Mitigating Source and Detection Noises in Auto-correlative Weak-Value Amplification
Xiang-Yun Hu, Jing-Hui Huang, Fei-Fan He, Guang-Jun Wang, Adetunmise C. Dada
公開日: 2022/9/26
Abstract
Weak-value amplification (WVA) is a post-selection-based technique that amplifies weak physical signals by preparing nearly orthogonal pre- and post-selected quantum states. It is intrinsically limited by various kinds of technical noise, which distorts amplified weak values, especially when discarding photons in post-selection. While prior work established the efficacy of auto-correlative weak-value amplification (AWVA) under Gaussian noise, practical implementations face challenges from band-limited laser-source noise and detection noise. Here, we demonstrate that the AWVA protocol robustly suppresses both laser-power fluctuations and detection noise. Numerical experiments in Simulink further reveal AWVA dual advantage. Under high-power conditions, the noise-reduction superiority of AWVA over WVA becomes increasingly pronounced as input laser power increases.
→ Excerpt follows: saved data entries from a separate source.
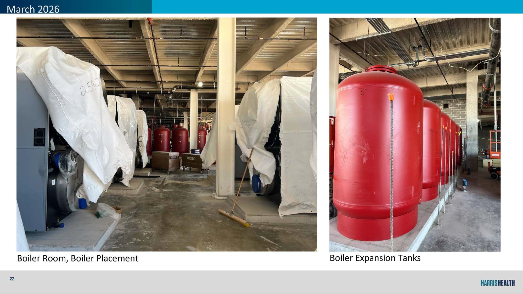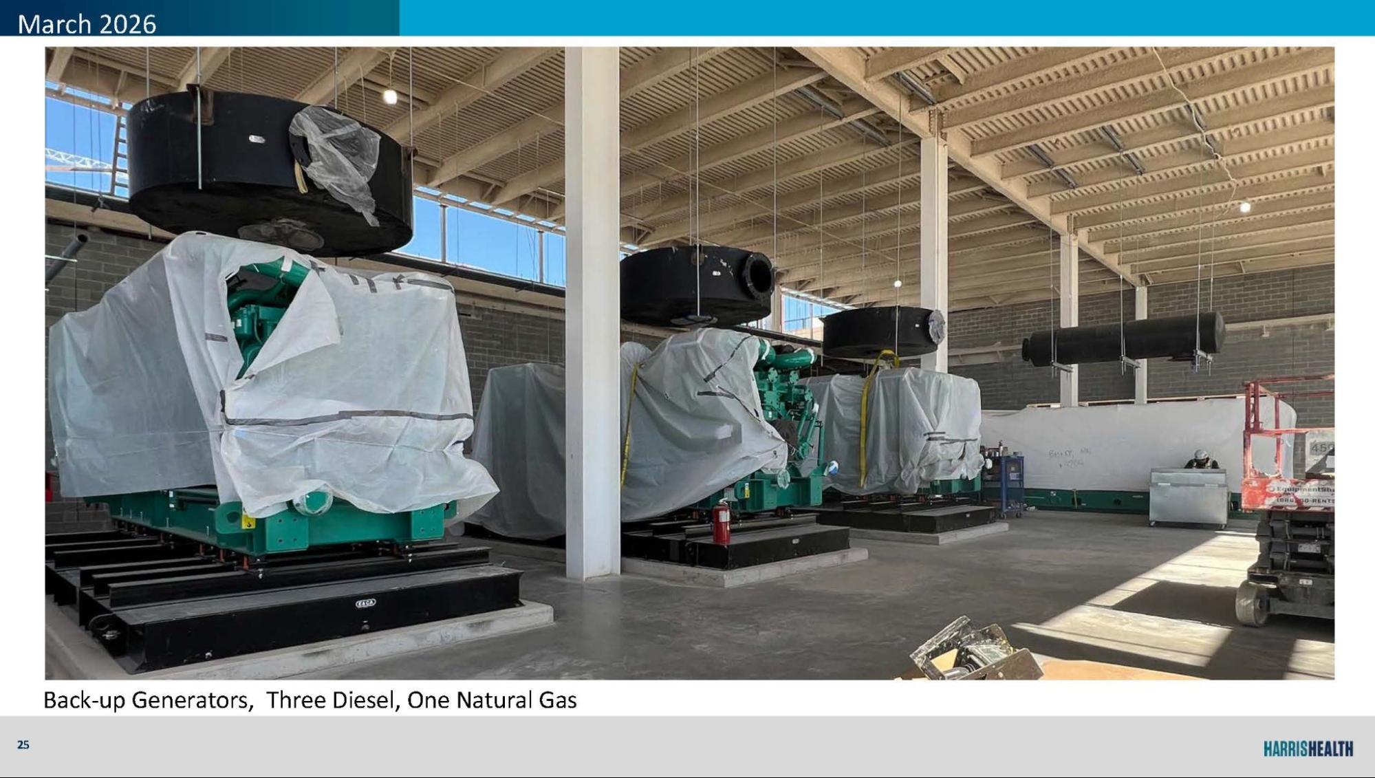 CUP mechanical, electrical, and boiler systems taking shape, including generator placement, switchgear setup, and domestic water infrastructure.
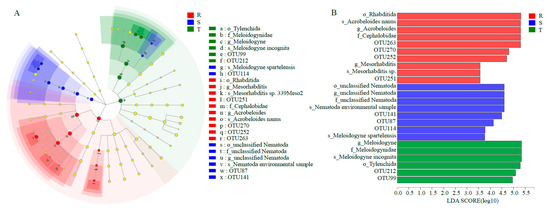LEfSe analysis of three soil nematode communities. (A), LefSe analysis. The cladogram shows the taxa with marked differences in the three soil nematode communities. Red, green and blue indicate different groups, with the classification of taxa at the level of class, order, family and genus shown from the inside to the outside. (B), Species with significant differences that had an LDA score higher than the estimated value; the default score is 3.0. The length of the histogram represents the LDA score. S: susceptible cultivar. T: tolerant cultivar. R: resistant cultivar.
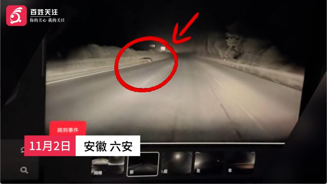 11月2日,车主杨先生驾车途经安徽六安舒城县干汊河镇G346国道时,遇三头野猪横穿马路,躲避不及发生碰撞。
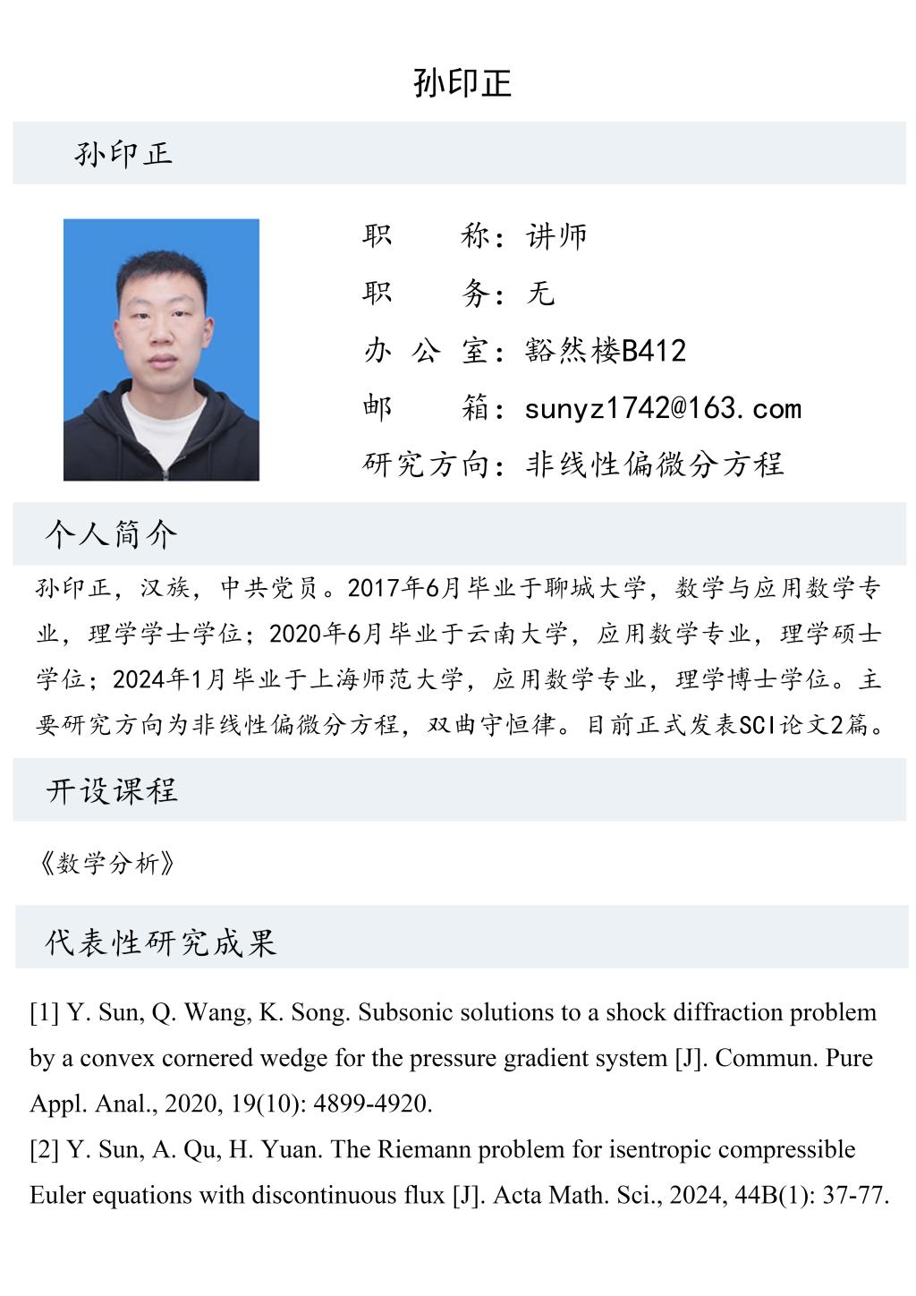 孙印正老师个人简历
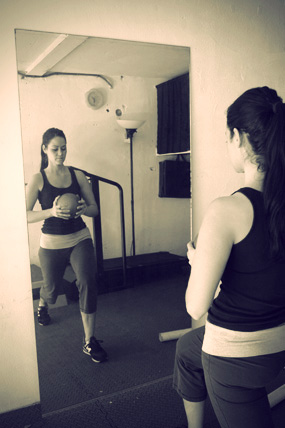 There are many variations to simple exercises. For example you can lunge while twisting a ball from side to side (see pic 2). This is working both legs and abs. You can also lunge to the side (pic 3), or to the back. You can squat with a overhead press (Below) to work both legs and shoulders.
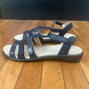 NIB Hotter navy leather gladiator sandals in style Sol. Women’s size 10. Velcro closure. Never worn and in perfect, new condition. Super light weight and comfortable.

In detection-limited regimes, AWVA achieves an order-of-magnitude lower uncertainty, closely approaching the Cramer-Rao bound. This work demonstrates that AWVA improves precision in both high-power laser-noise-dominated and photon-starved regimes, thereby bridging these operating extremes and advancing precision in applications from gravitational-wave detection to hybrid quantum systems.